EXERCISE — Filter the entries down to the lines containing "International", and copy those lines.

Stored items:
>>>>>

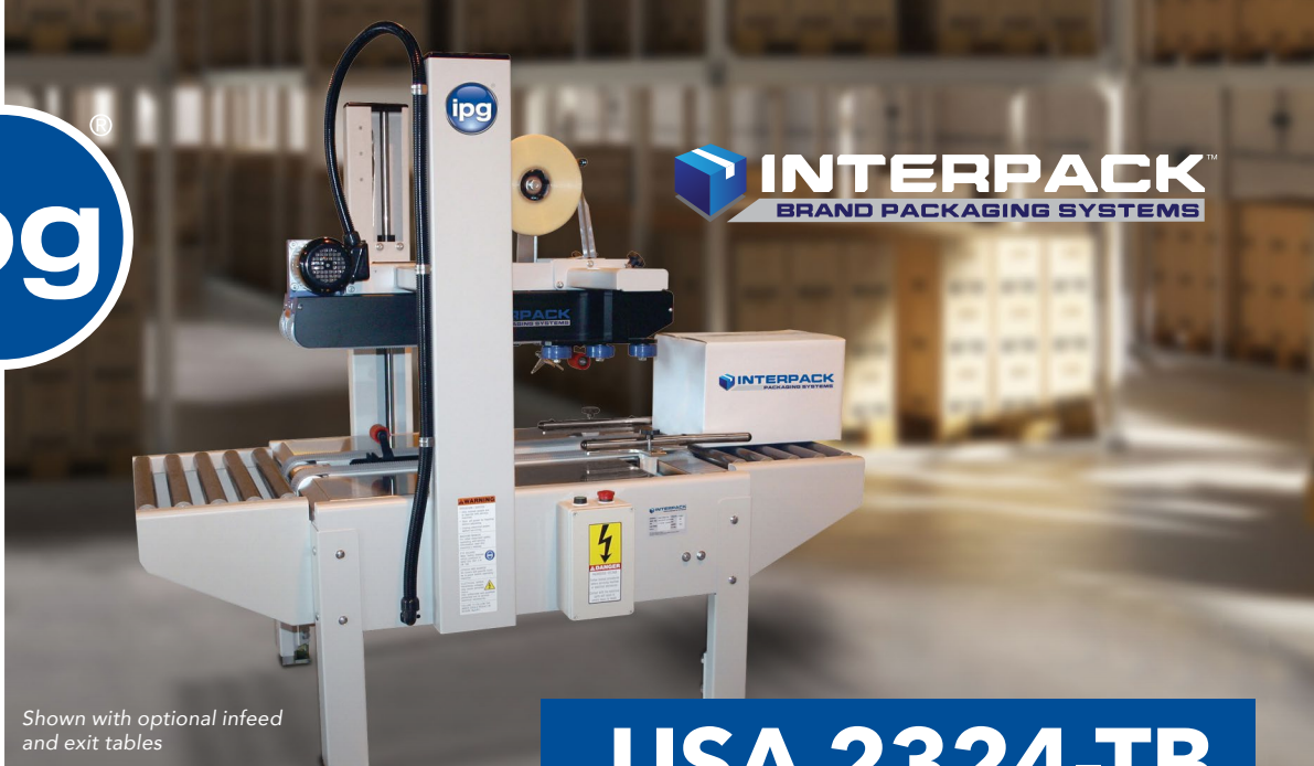
Shown with optional infeed and exit tables
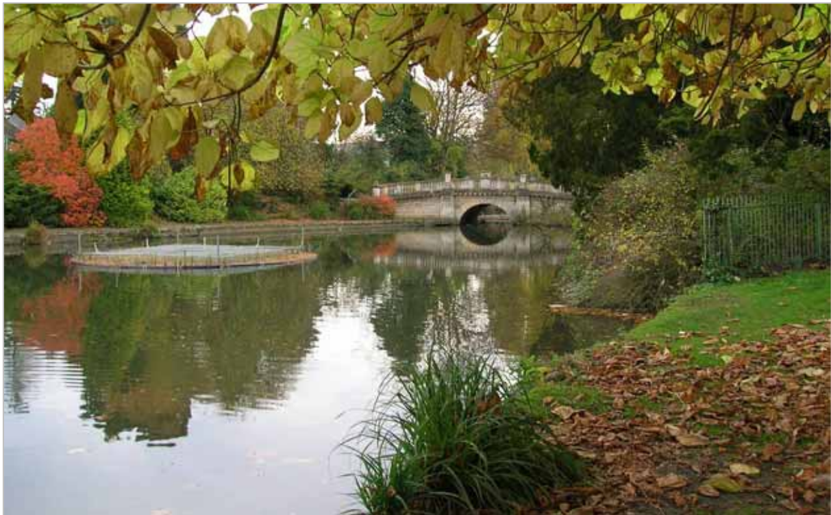
2007 East Bridge, Upper lake
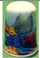
Paddington Bear with building
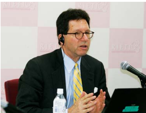
III-8) The Rise of China and the Transformation of the East Asian Regional Order RIETI International Seminar "The Future of U.S.-China Economic Relations" (2008/05/28)

"Investment Risk and International Investment Agreements" (2008/07/25)
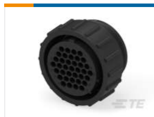
TE Part # 206150-1 CPC PLUG ASSEMBLY SIZE 23-37
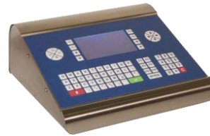
SE 500 AN Inox Grafico SE 500 AN Stainless steel version and graphic display
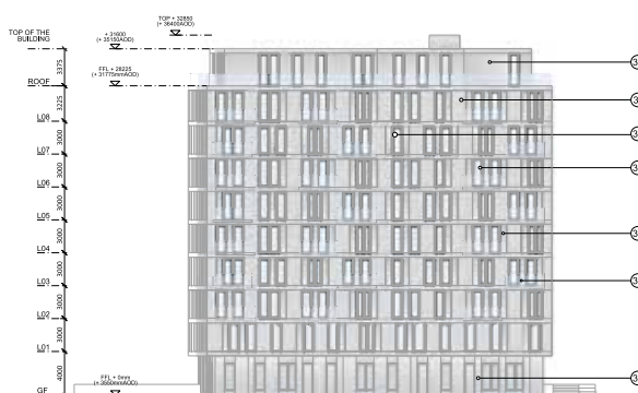
04 West Elevation Building D

This drawing is copyright Do not scale off dimensions. All dimensions to be checked on site by contractor. Contractor to report any dimensional discrepancies, errors or omissions prior to commencing on site.
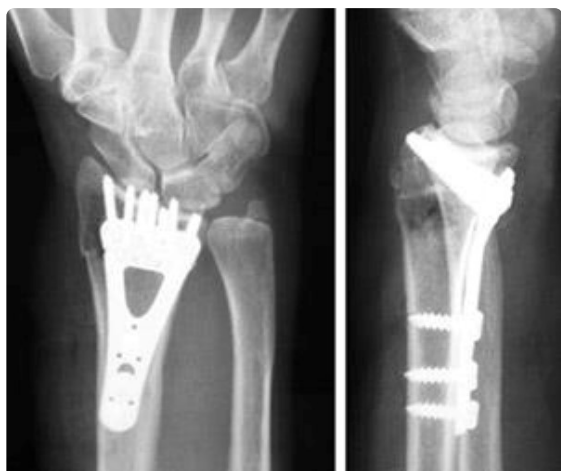
A plate and screws hold the broken fragments in position while they heal.
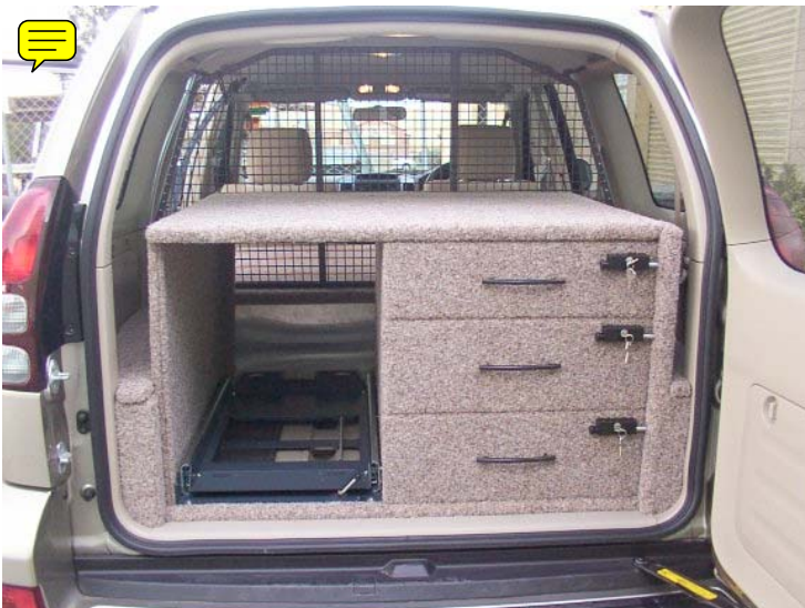
FridgePack 3 Drawer, Camel Carpet, Cargo Barrier 40 Lt Stainless Steel water tank
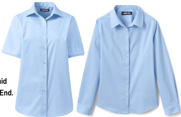
School Uniform Girls No Gape Shirt Long or Short Sleeve Blue or White (Must be monogrammed)
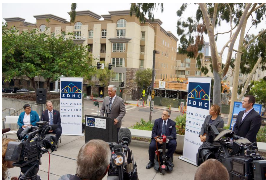
SDHC Notices of Funding Availability News Conference – September 4, 2018

The available development funding consists of:
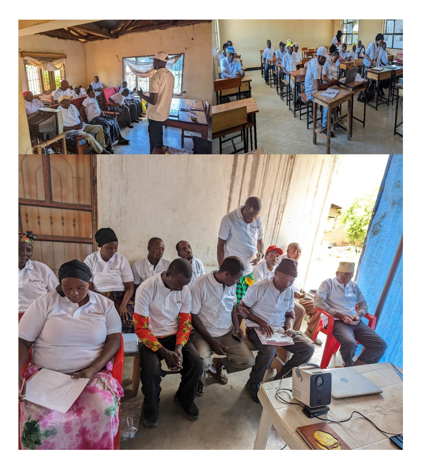
Figure 13: Some pictures during theoretical training sessions
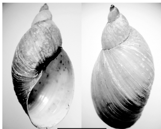
Figure 1. Lymnaea columella (Say, 1817): photograph of a specimen collected in wetlands from Instituto Federal de Educação, Ciência e Tecnologia do Espírito Santo (IFES), in the Caparaó microregion, state of Espírito Santo, Brazil. Scale = 5mm.

A total of 2038 molluscs were collected. Of these 1558 (76.45%) belonged to the genus Lymnaea (d'Orbigny, 1835), 240 (11.78%) to the genus Physa (Draparnaud, 1801) and 240 (11.78%) to the genus Biomphalaria (Preston, 1910). Points 1 and 5 presented higher average number
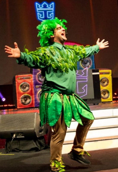
TIKTOK superstar The Tree of Wisdom showing the crowd why he is a viral success.
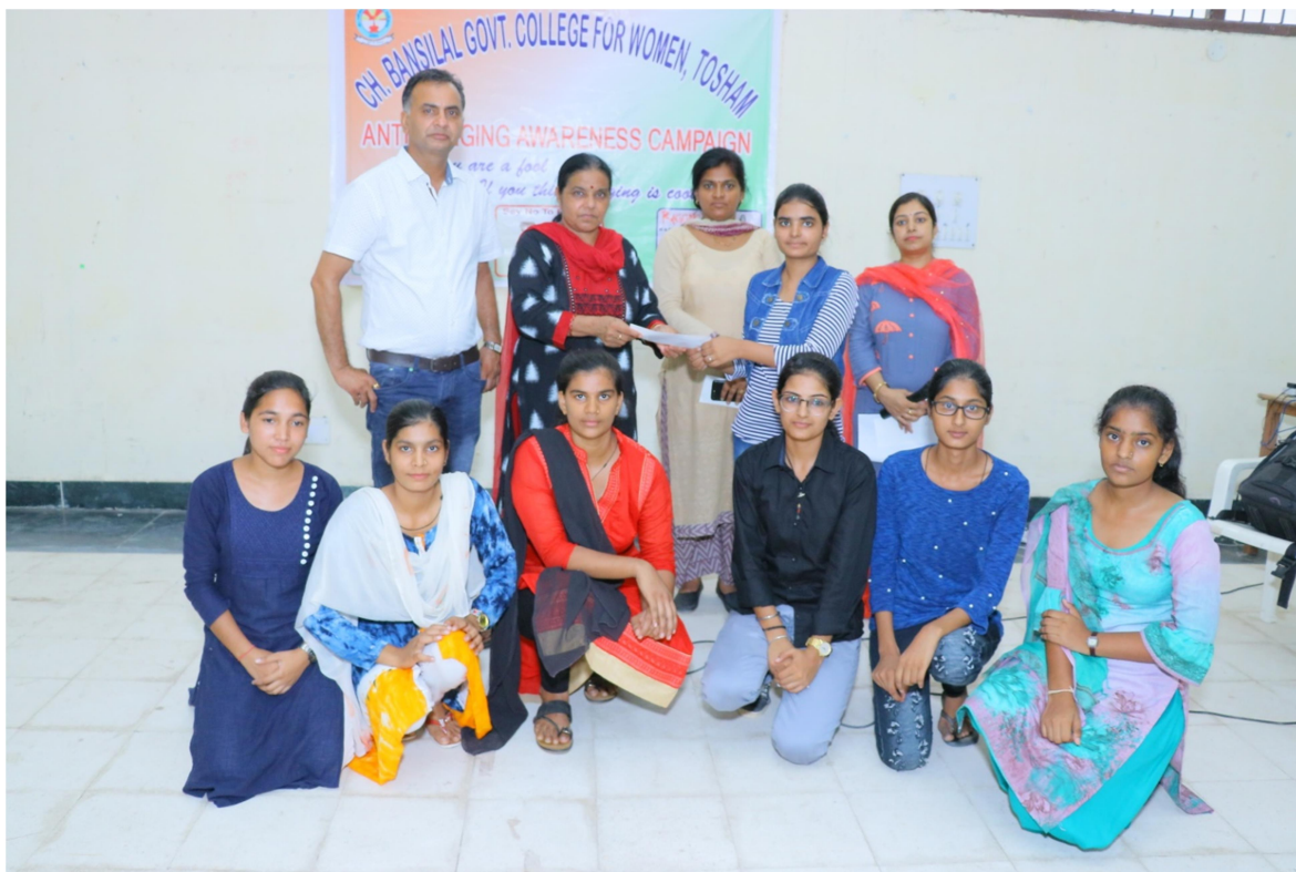
(Anti-ragging awareness Camp)

Anti – ragging cell in the also provide in the campus so that the fresher student feel safe from the senior students.
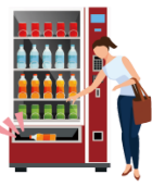
[juice] come out
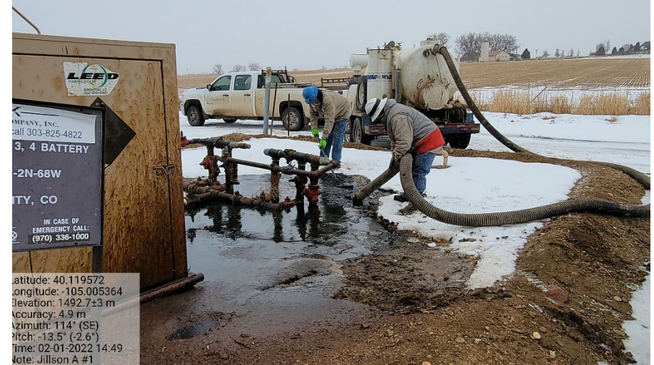
Photo 6 – Hydrovac arrived at spill location. No gauge on hydrovac truck.
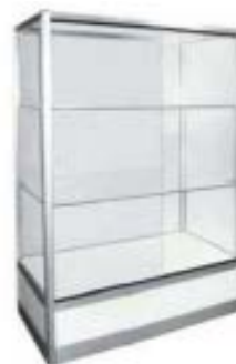
C12B – Showcase $375
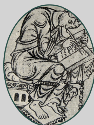
Historiae adversus paganos (418) Paulus Orosius
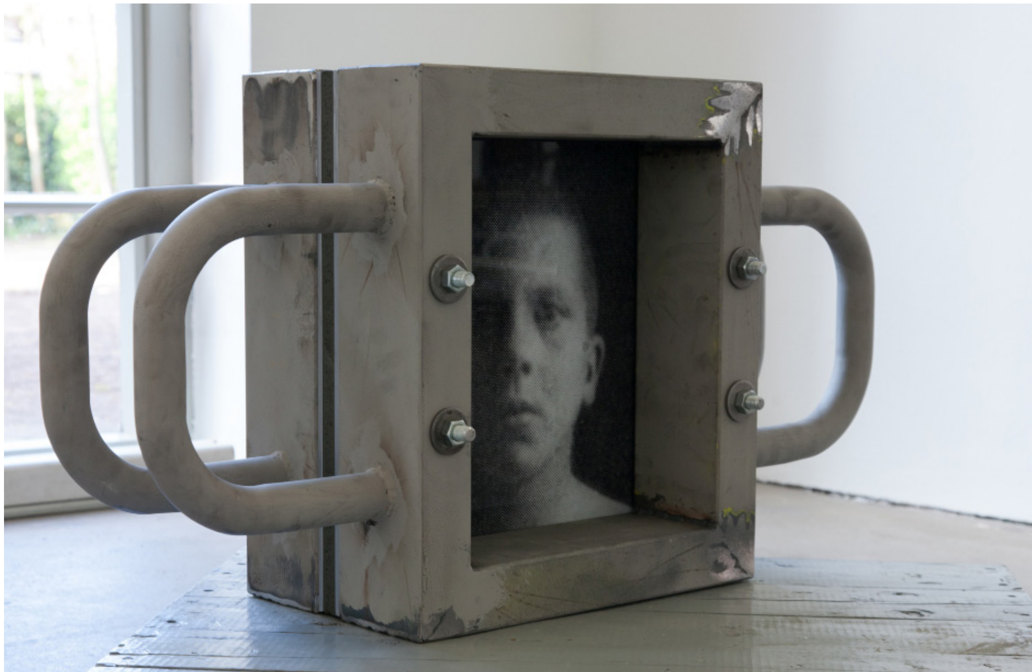
Dummy, 2013, steel, wood, b/w-photographs, glass, lacquer, 51 x 94 x 34 cm
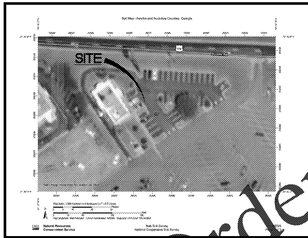
SOILS MAP (NOT TO SCALE)
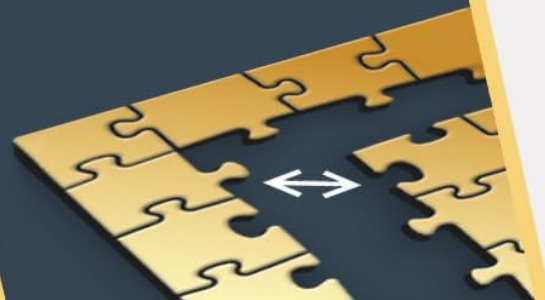
Image 2.1: Visual representation of the puzzle's dimensions and included aids.
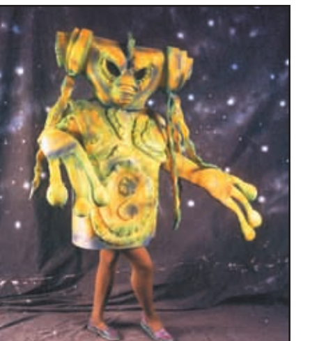
DETAIL: "We are only a speck." Roswell Costume Party, 1997
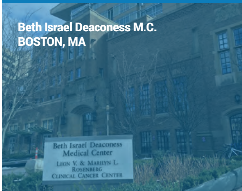
Beth Israel Deaconess M.C. BOSTON, MA

Garages (10), Surface Lots (8) & Valet (7) Operating Since 2005
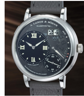
137 A. Lange & Söhne A highly uncommon and unusua... Estimate 70,000 — 140,000 CHF
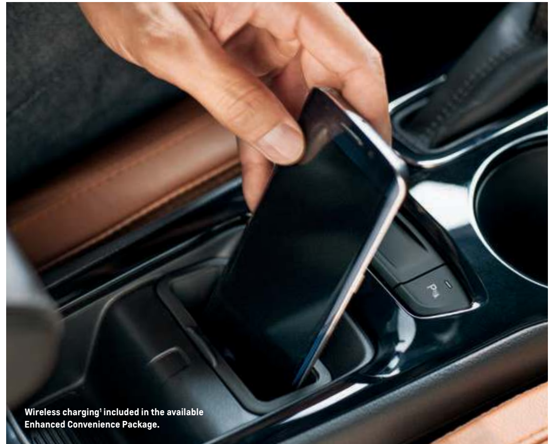
Wireless charging 1 included in the available Enhanced Convenience Package.
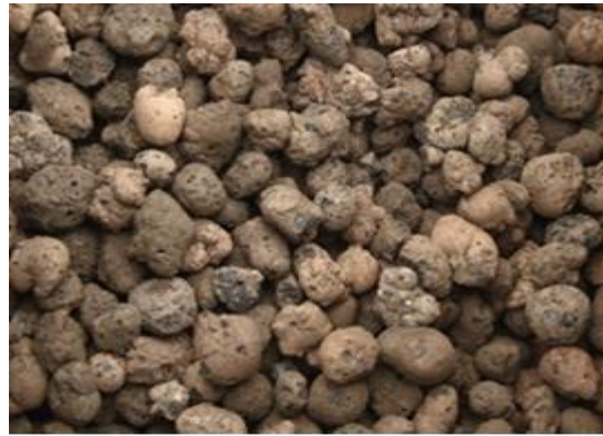
Figure (2) The lightweight aggregate
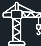
Trespassing, Intruders, & Crane Climbers
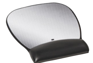
3M Large Mouse Pad with Wrist Rest MW310LE
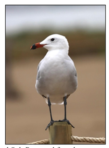
We spent the rest of the morning at the Playa del Trabucador and Salt Pans and found our targets, Mediterranean , Audouin's , and Slender-billed Gulls, and regionally rare Oystercatcher, Shag, and a Merlin. We had wonderful views of along the roadside of several Greenshanks and Spotted Redshanks, before heading to incredibly productive shorebird pools.

Then incredible shorebird pools, where Steve spotted a Marsh Sandpiper (uncommon), and we found 4 Pectoral Sandpipers (rare vagrants), and an amazing 8 Temminck's Stints, along with 3 Gull-billed Terns, and saw huge numbers of migrating Barn Swallows.
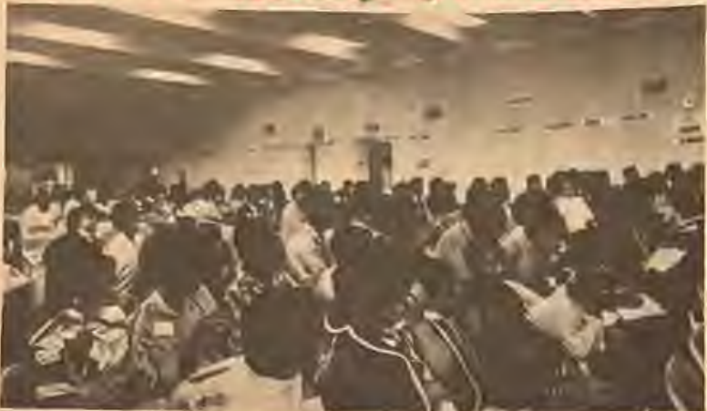
On May 3 Black women from across the country met in Detroit for the first National Assembly meeting of the Black Womens United Front, an anti racist, anti capitalist, anti imperialist united front to struggle against all forms of oppression and exploitation and especially take up the struggle against the triple oppression Black women face; race, sex and class, as part of the Black liberation movement, and the struggle for socialism.

<<<<<

ANSWER BOX —
III-8) The Rise of China and the Transformation of the East Asian Regional Order RIETI International Seminar "The Future of U.S.-China Economic Relations" (2008/05/28)
"Investment Risk and International Investment Agreements" (2008/07/25)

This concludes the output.